◆ **Goal of the exercise**: Please reproduce the listing word for word. Pictures stay out.

◆ **Input material**:
■ ■ ■ ■ ■

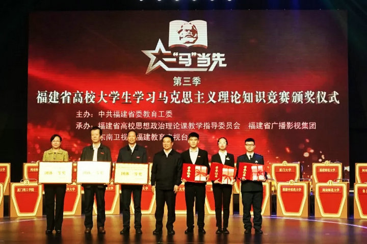 11月26日,由省委教育工委主办的第三季福建省高校大学生学习马克思主义理论“一‘马’当先”知识竞赛总决赛在福建省广播影视集团落下帷幕。经过激烈角逐,澳门网投官网由会计系宋珊、外语系黄琳、国际经济与贸易系任凯杰和王阳、金融系肖军等5位同学组成的代表队,荣获本科组团体一等奖,宋珊荣获本科组个人一等奖,任凯杰和黄琳荣获本科组个人三等奖。
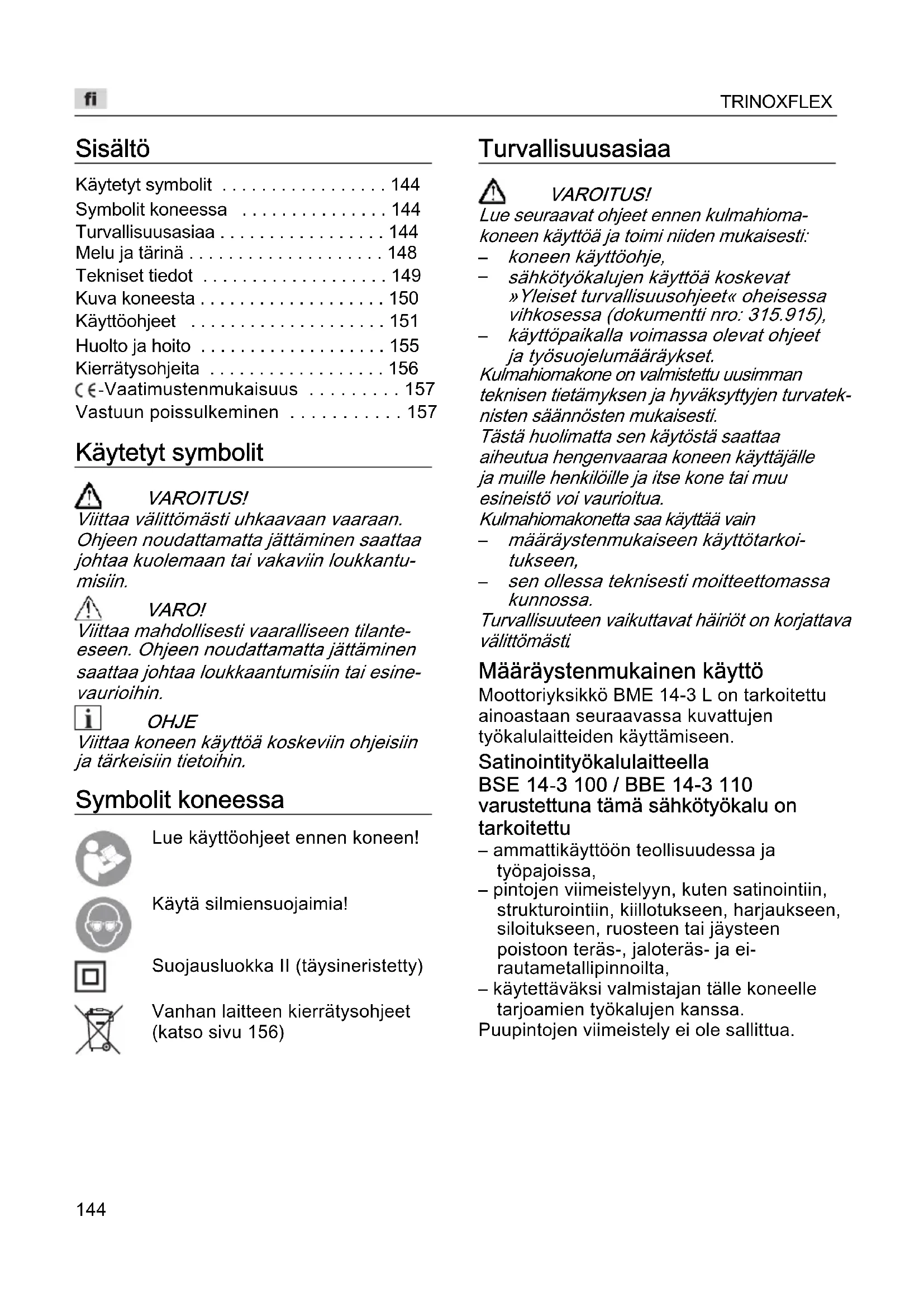 Älä käytä mitään tarvikkeita, joita valmis- taja ei ole hyväksynyt tai suositellut nimenomaan tälle sähkötyökalulle. Vaikka pystyt kiinnittämään lisätarvik- keen sähkötyökaluun, se ei takaa sen turvallista käyttöä. Käyttötyökalun sallitun kierrosnopeuden tulee olla vähintään yhtä suuri kuin säh- kötyökalussa ilmoitettu maksimi kierros- nopeus. Tarvike, joka pyörii sallittua nopeammin, saattaa mennä hajalle ja palaset sinkou- tuvat ympäristöön. Vaihtotyökalun ulkohalkaisijan ja pak- suuden tulee vastata sähkötyökalun mittatietoja. Vääränkokoisia vaihtotyöka- luja ei voida suojata tai hallita riittävästi. Hiomalaikkojen ja laippojen tulee sopia tarkasti sähkötyökalusi hiomakaraan. Käytettäessä vaihtotyökaluja, jotka liitetään laippaan, tulee vaihtotyökalun reiän halkaisijan sopia laipan kiinnityshalkaisijaan. Vaihtotyökalut, joita ei kiinnitetä oikein sähkötyökaluun, pyörivät epätasaisesti, tärisevät voimakkaasti ja saattavat johtaa hallinnan menettämiseen. Älä käytä vioittuneita vaihtotyökaluja. Tarkista ennen jokaista käyttöä, ettei vaihtotyökalussa, kuten hiomalaikoissa ole pirstoutumia tai halkemia, hioma- lautasessa halkeamia tai voimakasta kulumista, teräsharjassa irtonaisia tai katkenneita lankoja. Jos sähkötyökalu tai vaihtotyökalu putoaa, tarkista sen kunto. Käytä vain hyväkuntoisia ja ehjiä vaihto- työkaluja. Kun olet tarkistanut ja asenta- nut vaihtotyökalun, pysyttele poissa pyörivän vaihtotyökalun tasosta ja var- mista, että myös lähistöllä olevat henkilöt toimivat samoin, ja anna koneen käydä maksimi nopeudella noin minuutin ajan. Vioittuneet vaihtotyökalut menevät yleensä rikki tässä ajassa. Käytä henkilökohtaisia suojavarusteita. Käytä käyttökohteesta riippuen kokokas- vonaamaria, silmiensuojainta tai suojala- seja. Jos olosuhteet niin vaativat, käytä pölynaamaria, kuulonsuojaimia, suoja- käsineitä tai erikoissuojavaatetta, joka suojaa pieniltä hioma- ja materiaalihiuk- kasilta. Suojaa silmät lenteleviltä vierailta esi- neiltä tms., joita voi syntyä erilaisessa käytössä. Pölynaamarin tai hengityssuojaimen tulee suodattaa käytön aikana syntyvä pöly. Pidempiaikainen voimakkaalle melulle altistuminen saattaa vaikuttaa heikentävästi kuuloon.TRINOXFLEX
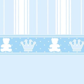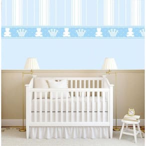 Papel De Parede Listrado Azul Com Coroa E Urso Adesivo Bebê
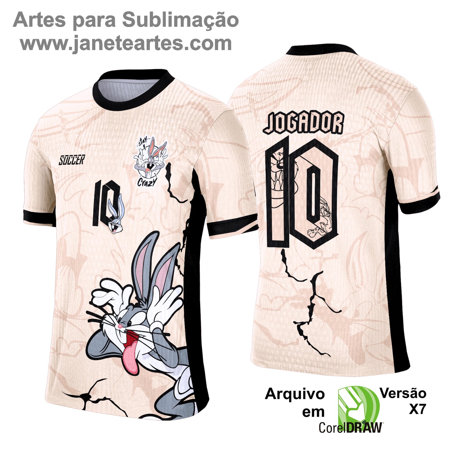 A Arte Camisa Interclasse Pernalonga é entregue em vetor, no formato CDR, o que garante compatibilidade com softwares de edição e personalização. Após o pagamento, você recebe o arquivo direto na sua área do cliente ou por e-mail, pronto para ser utilizado em gráficas, estamparias e ateliês de sublimação.
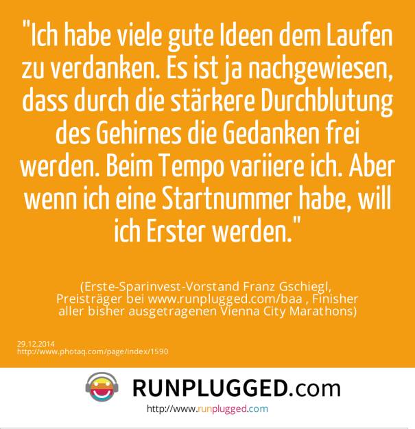 "Ich habe viele gute Ideen dem Laufen zu verdanken. Es ist ja nachgewiesen, dass durch die stärkere Durchblutung des Gehirnes die Gedanken frei werden. Beim Tempo variiere ich. Aber wenn ich eine Startnummer habe, will ich Erster werden."

■ ■ ■ ■ ■

◆ **Solution**:
 11月26日,由省委教育工委主办的第三季福建省高校大学生学习马克思主义理论“一‘马’当先”知识竞赛总决赛在福建省广播影视集团落下帷幕。经过激烈角逐,澳门网投官网由会计系宋珊、外语系黄琳、国际经济与贸易系任凯杰和王阳、金融系肖军等5位同学组成的代表队,荣获本科组团体一等奖,宋珊荣获本科组个人一等奖,任凯杰和黄琳荣获本科组个人三等奖。
 Älä käytä mitään tarvikkeita, joita valmis- taja ei ole hyväksynyt tai suositellut nimenomaan tälle sähkötyökalulle. Vaikka pystyt kiinnittämään lisätarvik- keen sähkötyökaluun, se ei takaa sen turvallista käyttöä. Käyttötyökalun sallitun kierrosnopeuden tulee olla vähintään yhtä suuri kuin säh- kötyökalussa ilmoitettu maksimi kierros- nopeus. Tarvike, joka pyörii sallittua nopeammin, saattaa mennä hajalle ja palaset sinkou- tuvat ympäristöön. Vaihtotyökalun ulkohalkaisijan ja pak- suuden tulee vastata sähkötyökalun mittatietoja. Vääränkokoisia vaihtotyöka- luja ei voida suojata tai hallita riittävästi. Hiomalaikkojen ja laippojen tulee sopia tarkasti sähkötyökalusi hiomakaraan. Käytettäessä vaihtotyökaluja, jotka liitetään laippaan, tulee vaihtotyökalun reiän halkaisijan sopia laipan kiinnityshalkaisijaan. Vaihtotyökalut, joita ei kiinnitetä oikein sähkötyökaluun, pyörivät epätasaisesti, tärisevät voimakkaasti ja saattavat johtaa hallinnan menettämiseen. Älä käytä vioittuneita vaihtotyökaluja. Tarkista ennen jokaista käyttöä, ettei vaihtotyökalussa, kuten hiomalaikoissa ole pirstoutumia tai halkemia, hioma- lautasessa halkeamia tai voimakasta kulumista, teräsharjassa irtonaisia tai katkenneita lankoja. Jos sähkötyökalu tai vaihtotyökalu putoaa, tarkista sen kunto. Käytä vain hyväkuntoisia ja ehjiä vaihto- työkaluja. Kun olet tarkistanut ja asenta- nut vaihtotyökalun, pysyttele poissa pyörivän vaihtotyökalun tasosta ja var- mista, että myös lähistöllä olevat henkilöt toimivat samoin, ja anna koneen käydä maksimi nopeudella noin minuutin ajan. Vioittuneet vaihtotyökalut menevät yleensä rikki tässä ajassa. Käytä henkilökohtaisia suojavarusteita. Käytä käyttökohteesta riippuen kokokas- vonaamaria, silmiensuojainta tai suojala- seja. Jos olosuhteet niin vaativat, käytä pölynaamaria, kuulonsuojaimia, suoja- käsineitä tai erikoissuojavaatetta, joka suojaa pieniltä hioma- ja materiaalihiuk- kasilta. Suojaa silmät lenteleviltä vierailta esi- neiltä tms., joita voi syntyä erilaisessa käytössä. Pölynaamarin tai hengityssuojaimen tulee suodattaa käytön aikana syntyvä pöly. Pidempiaikainen voimakkaalle melulle altistuminen saattaa vaikuttaa heikentävästi kuuloon.TRINOXFLEX
 Papel De Parede Listrado Azul Com Coroa E Urso Adesivo Bebê
 A Arte Camisa Interclasse Pernalonga é entregue em vetor, no formato CDR, o que garante compatibilidade com softwares de edição e personalização. Após o pagamento, você recebe o arquivo direto na sua área do cliente ou por e-mail, pronto para ser utilizado em gráficas, estamparias e ateliês de sublimação.
 "Ich habe viele gute Ideen dem Laufen zu verdanken. Es ist ja nachgewiesen, dass durch die stärkere Durchblutung des Gehirnes die Gedanken frei werden. Beim Tempo variiere ich. Aber wenn ich eine Startnummer habe, will ich Erster werden."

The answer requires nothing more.